Aan de verdachte is ten laste gelegd dat:
hij op of omstreeks 4 juni 2023 te Uden, gemeente Maashorst één of meer goederen uit een snoepautomaat, in elk geval enig goed, dat/die geheel of ten dele aan [bedrijf] , in elk geval aan een ander toebehoorde(n) heeft weggenomen met het oogmerk om het zich wederrechtelijk toe te eigenen;
subsidiair althans, indien het vorenstaande niet tot een veroordeling mocht of zou kunnen leiden:
hij op of omstreeks 4 juni 2023 te Uden, gemeente Maashorst opzettelijk en wederrechtelijk een snoepautomaat, in elk geval enig goed, dat/die geheel of ten dele aan [bedrijf] , in elk geval aan een ander toebehoorde(n) heeft vernield, beschadigd, onbruikbaar gemaakt en/of weggemaakt.

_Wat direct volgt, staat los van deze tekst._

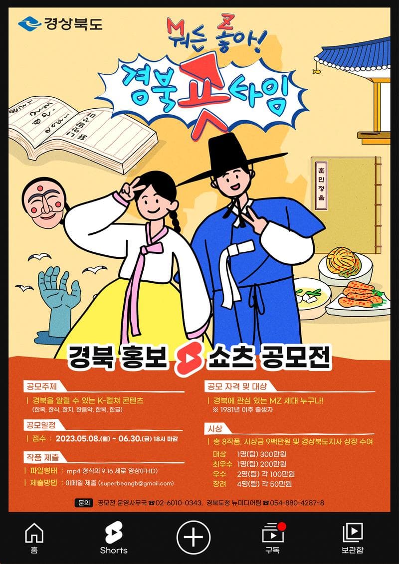 뭐든 좋아! ’경북 숏타임‘ ■ 접수기간 : 2023년 5월 8일 (월) \~ 6월 30일 (금) (6월 30일 18:00까지 접수) ■ 참가대상 : 경북에 관심 있는 MZ세대 누구나(개인 또는 팀) ※1981년 이후 출생자 ■ 공모주제 : 경북을 알릴 수 있는 K-컬쳐 콘텐츠 - 경북과 관련된 한옥, 한식, 한복, 한글, 한지, 한음악 홍보 영상 ■ 공모분야 : 유튜브 쇼츠 영상(60초 이내) / 광고, 예능, 먹방 등 장르불문 ■ 총 상금 : 9백만원 지급(총 8개 작품) ■ 작품 형식 ① (파일형태) mp4 동영상 파일 ② (해 상 도) Full-HD 이상급 화질의 9:16 세로 영상(1080*1920) ③ (영상길이) 30초 \~ 60초 이내 ■ 제출서류 : 출품작 파일 및 붙임 서식 - 참가 신청서, 개인정보 수집 및 이용 동의서, 참가 서약서 - 팀별 접수일 경우 창작자 전원의 참가서약서를 작성(개인별 1장, 자필서명 후 PDF파일 제출) ※경상북도 홈페이지 ‘고시공고’(https://bit.ly/3M26s7Y)란에서 서식을 다운로드해 작성 후 압축 후(zip) 이메일 제출 ※이메일 접수 시 [경북숏타임_작품명_이름(대표자 또는 팀명)]으로 표기 ■ 심사기준 : 총 배점 100점 [작품의 완성도 및 활용성] 30점 [주제(경북 홍보)와의 적합성] 30점 [독창성 및 예술성] 20점 [스토리의 완결성 및 구성력] 20점 ■ 시상내역 : 총 8작품, 시상금 9백만원 및 경상북도지사 상장 수여 [대상] 300만원 (1편) [최우수] 200만원 (1편) [우수] 100만원 (2편) [장려] 50만원 (4편) ※ 작품 접수 건수 및 심사결과에 따라 당선작 전부 또는 일부를 선정하지 않을 수 있음 ■ 유의사항 ◦ 개인 또는 팀별(최대 3인) 1작품만 출품 가능하며, 모든 작품은 공고 기간 이내에 제작한 순수 창작물이어야 함 ◦ 출품작의 일정 기준에 부합되지 않을 때는 상금 및 작품 수가 변경될 수 있음 ◦ 영상물에는 저작권에 문제가 없는 음원을 사용해야 하며, 반드시 음원 제목과 출처를 명시해야 함 ◦ 타인의 명예를 훼손하거나 불법 정보 유포, 저작권 및 초상권 침해 또는 제작 과정 등에서 발생하는 모든 문제에 대한 법적 책임은 응모자 본인에게 있음. ◦ 출품작이 다음 사항 해당 시 접수 취소·심사 제외되며, 입상 이후 이와 같은 문제가 밝혀질 경우 수상 취소 및 상금 환수 조치함. - 단순한 주의 환기·진정·비판·건의이거나 불만의 표시에 불과한 것 - 선정적이거나 욕설 등 비윤리적이거나 비교육적인 작품인 경우 - 공모전 목적에 부합되지 않거나 주제와 전혀 관련된 사항이 아닌 것 - 타 국내외 공모전 및 유사 지원 사업의 수상작인 경우 - 지적재산권을 침해하거나 표절, 무단 도용 등 저작권 관련 문제가 있는 작품인 경우 ◦ 수상작에 대한 저작권은 수상자에게 있으나 사용권은 경북도에 귀속되며, 수상작을 공공목적의 홍보물로 이용(재가공·복제·배포)하는 경우 이용 대가는 상금으로 대체한 것으로 간주함 ◦ 경북도에서 수상 영상 재가공, 재편집이 필요할 시 수용해야 함 ◦ 상금은 경북도에서 요구하는 서류를 모두 갖춰야 수령 가능하며, 서류 제출 요청 후 1개월 이내 미제출 시 상금 수령 불가함. ◦ 상금에 대한 제세공과금은 수상자 본인이 부담하여야 함. ◦ 그 외 언급하지 않은 사항은 경북도의 결정에 따름 ■ 문의사항 : ☎보이소TV 공모전 운영사무국(02-6010-0343) ☎경북도청 대변인실 뉴미디어팀(054-880-4287\~8)
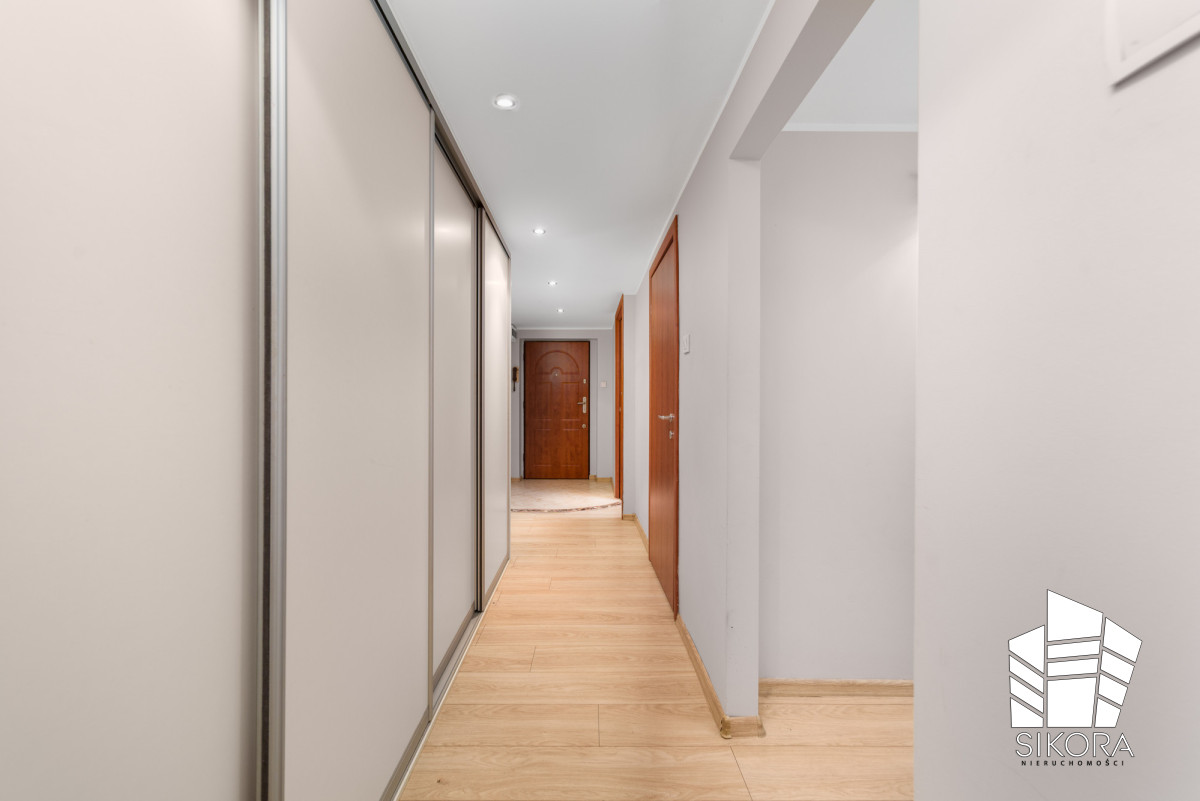 Przestronny i ustawny przedpokój stanowiący solidną bazę do aranżacji. Dzięki neutralnej kolorystyce ścian i podłóg, nowi właściciele zyskują duży potencjał do natychmiastowego odświeżenia lub pełnej metamorfozy wnętrza zgodnie z własnymi upodobaniami. Pomieszczenie jest już wyposażone w dużą, pojemną szafę przesuwną, co oznacza oszczędność kosztów w ramach planowanego remontu. Solidne drewniane drzwi wewnętrzne są w dobrym stanie, ale można je łatwo przemalować lub wymienić, by nadać całości nowy charakter. To doskonała propozycja dla osób, które cenią dobrą bazę w świetnym stanie technicznym, ale chcą personalizować i urządzić przestrzeń od podstaw, bez konieczności prowadzenia uciążliwych i kosztownych prac strukturalnych.
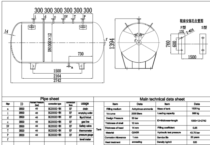 此臺(tái)液氨儲(chǔ)罐為烏茲別克斯坦一化工廠所需,按其要求,設(shè)計(jì)壓力為3.5MPa,直徑為2000mm,我公司技術(shù)員為其量身定制方案圖紙,采用Q345R材質(zhì),罐體設(shè)置有安全閥、溫度計(jì)、壓力表、液位計(jì)等接口。
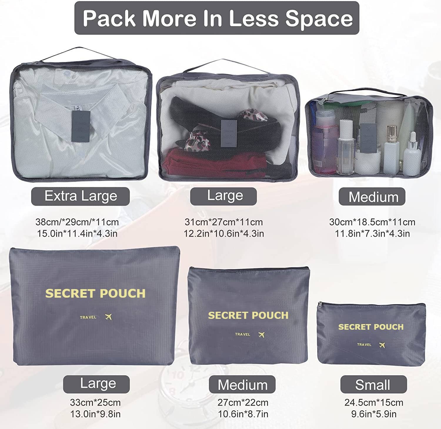 Luggage cubes come with breathable mesh design, inside visible and make seeking stuff a doddle, sturdy handle, convenient for carrying.
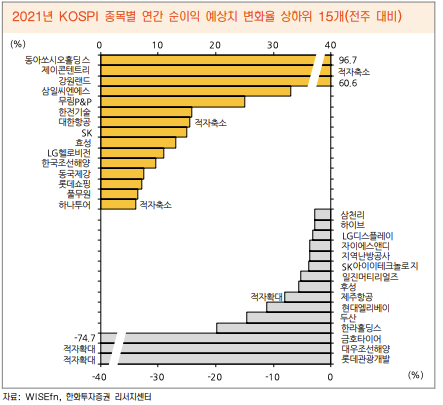 KOSPI 2021년 연간 순이익 예상치 전주 대비 0.4% 상향
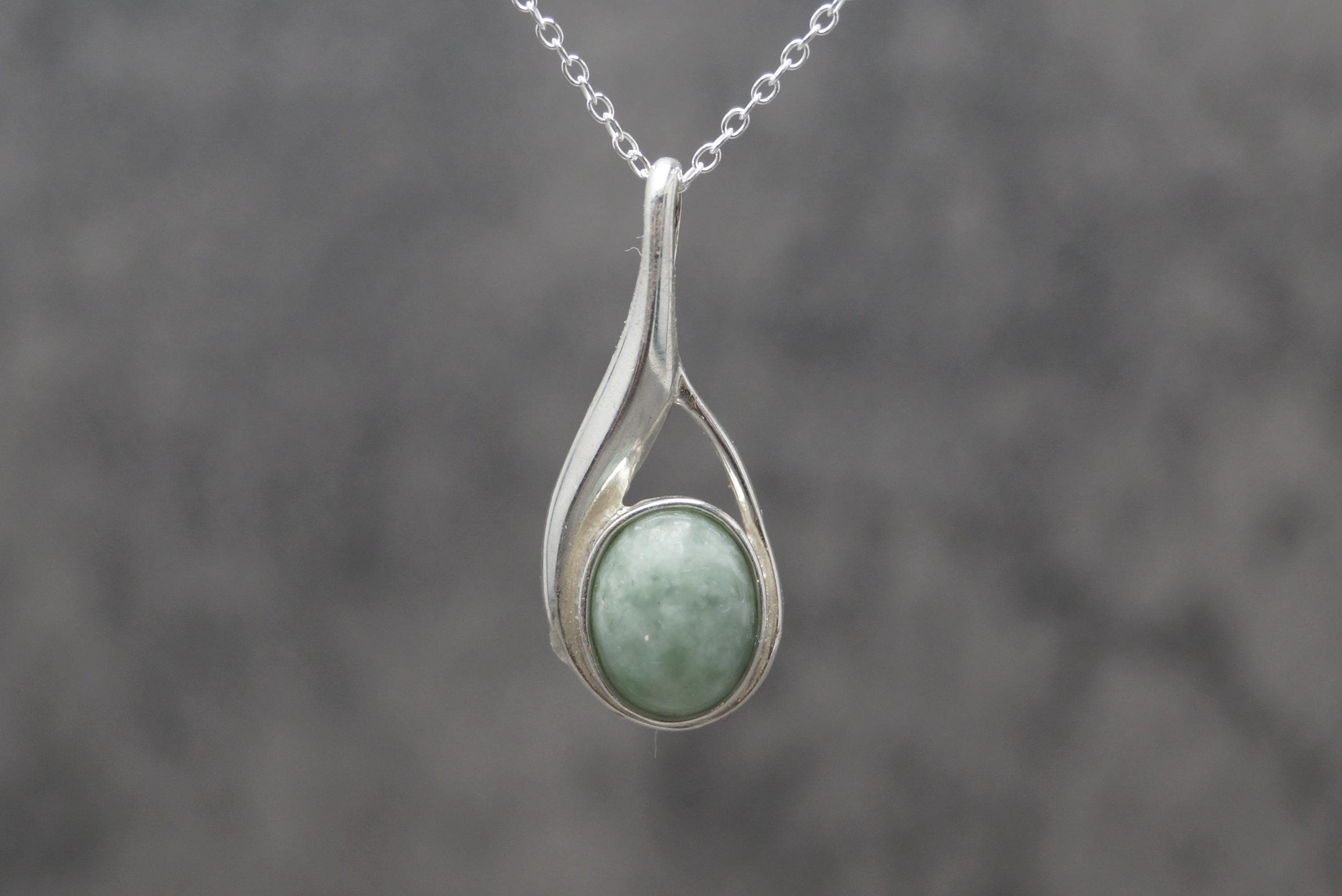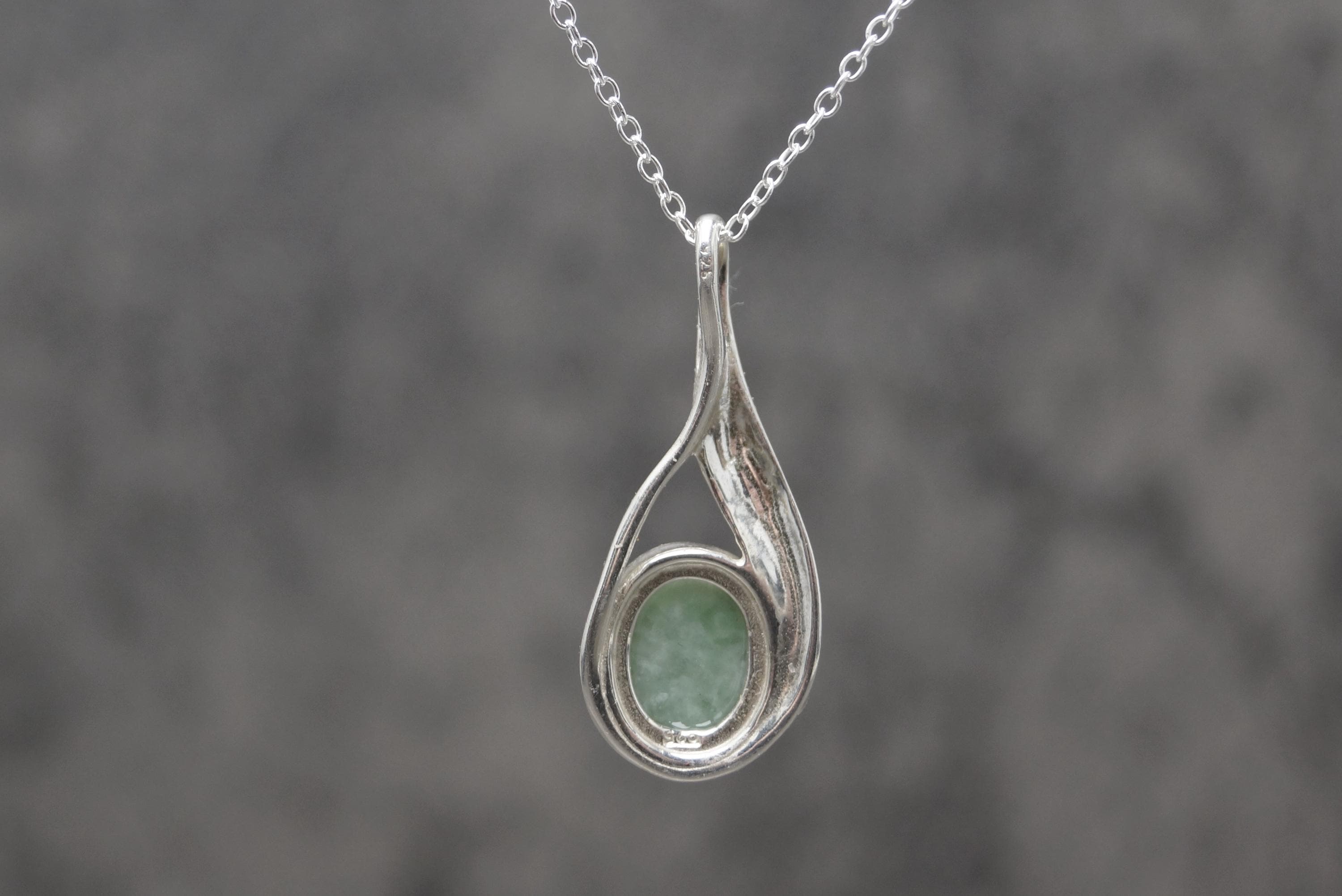 Highly polished Jade gemstone pendant is a great example of this popular stone, perfect for those looking for a sterling silver Jade pendant.
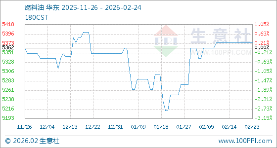 2月24日,生意社燃料油基准价为5375.00元/吨,与本月初(5362.50元/吨)相比,上涨了0.23%。
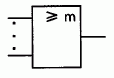 La sortie est dans l'état 1 si, et seulement si, le nombre d'entrées qui sont dans l'état 1 est supérieur ou égal au nombre marqué dans le symbole distinctif figuré ici par m.
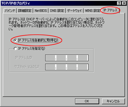 | 2. | [IPアドレス]タブをクリックし、[IPアドレスを自動的に取得]を選択する |
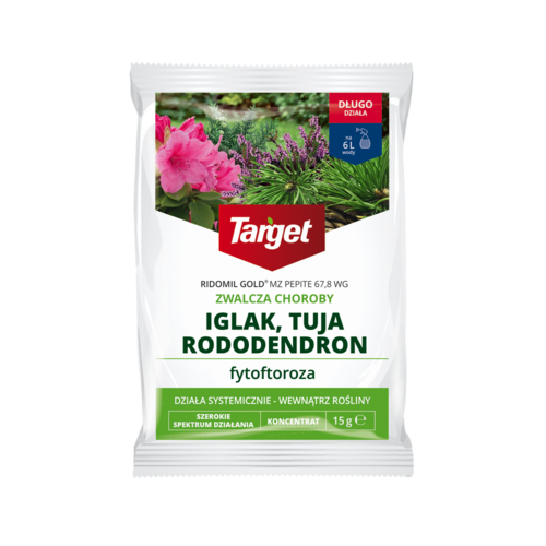 Ridomil Gold MZ Pepite 67,8 WG – zwalcza fytoftorozę – Target – 15 g to najlepszy środek do stosowania profilaktycznego w uprawie roślin sadowniczych, warzywnych, przemysłowych i ozdobnych, podatnych na fytoftorozę. Prezentowany preparat cechuje się stuprocentową skutecznością w zapobieganiu tej groźnej chorobie grzybowej, która poraża i wyniszcza różne gatunki roślin użytkowych oraz dekoracyjnych. Poleca się go w szczególności do kompleksowej pielęgnacji drzewek i krzewów iglastych, rododendronów, roślin doniczkowych, wszystkich ziół, tytoniu, winorośli, a także warzyw uprawianych w gruncie i pod osłonami, w tym pomidora, ogórka, cebuli, sałaty, kalafiora, brokułu i ziemniaka. Ridomil Gold MZ Pepite 67,8 WG skutecznie zabezpiecza młode, intensywnie rosnące okazy, najbardziej wrażliwe na choroby grzybowe. Działa kontaktowo i układowo, dzięki czemu chroni rośliny przed patogenami przez okres nawet 14 dni. Poleca się go w profilaktyce nie tylko fytoftorozy, ale również przeciwko zarazie ziemniaka, alternariozie, mączniakowi rzekomemu i bielikowi krzyżowych.

De geldigheid van de dagvaarding.

De rechtbank verklaart de dagvaarding van de verdachte nietig, aangezien deze niet op de bij de wet voorgeschreven wijze aan de verdachte is betekend en de verdachte niet ter terechtzitting is verschenen.
De rechtbank stelt vast dat op de akte van uitreiking van de dagvaarding weliswaar is aangekruist dat de brief aan de gedetineerde verdachte is uitgereikt, maar dat op die akte tevens met de hand is geschreven dat de verdachte niets in ontvangst wil nemen. Uit vaste jurisprudentie van de Hoge Raad volgt dat de weigering van een verdachte om een dagvaarding in ontvangst te willen nemen, niet gelijk is aan het niet willen tekenen voor het ontvangen van de dagvaarding. [1] Naar het oordeel van de rechtbank leidt het voorgaande ertoe dat er in de onderhavige zaak geen rechtsgeldige uitreiking van de dagvaarding heeft plaatsgevonden. Een OM-betekening was naar aanleiding hiervan aangewezen, maar deze heeft niet plaatsgevonden.

Voorlopige hechtenis

Verdachte is op 31 juli 2023 in verzekering gesteld en verblijft sinds 1 augustus 2023 in voorlopige hechtenis. De rechtbank verklaart de dagvaarding nietig. Aan verdachte wordt daardoor ter zake van het feit waarvoor het bevel tot voorlopige hechtenis is verleend geen vrijheidsstraf of vrijheidsbenemende maatregel opgelegd. Artikel 72, derde lid, van het Wetboek van Strafvordering schrijft voor dat in dat geval het bevel tot voorlopige hechtenis wordt opgeheven, tenzij de uitzondering van artikel 72, zesde lid, van het Wetboek van Strafvordering van toepassing is. Als de rechtbank de dagvaarding nietig verklaart, kan zij bepalen dat het bevel tot voorlopige hechtenis nog maximaal dertig dagen van kracht is, maar dat kan alleen als dat bevel is gegeven in geval van verdenking van een misdrijf waarop acht jaar of meer gevangenisstraf staat. In dit geval gaat het primair om diefstal, subsidiair vernieling. Daarop staat een maximale gevangenisstraf van vier respectievelijk twee jaar. De uitzondering is daarom niet van toepassing. De rechtbank heft het bevel tot voorlopige hechtenis op. Deze beslissing is ook afzonderlijk op schrift gesteld.

De uitspraak.

De rechtbank:
- verklaart de dagvaarding van de verdachte nietig;
- heft op het tegen verdachte verleende bevel tot voorlopige hechtenis.
Dit vonnis is gewezen door:
mr. R.B.H. Hebbink, voorzitter,
mr. M.J.M.A. van der Put en mr. T. Kraniotis, leden,
in tegenwoordigheid van mr. I.J.M. Weemers en mr. L.A.P.H. Kirkels, griffiers,
en is uitgesproken op 2 november 2023.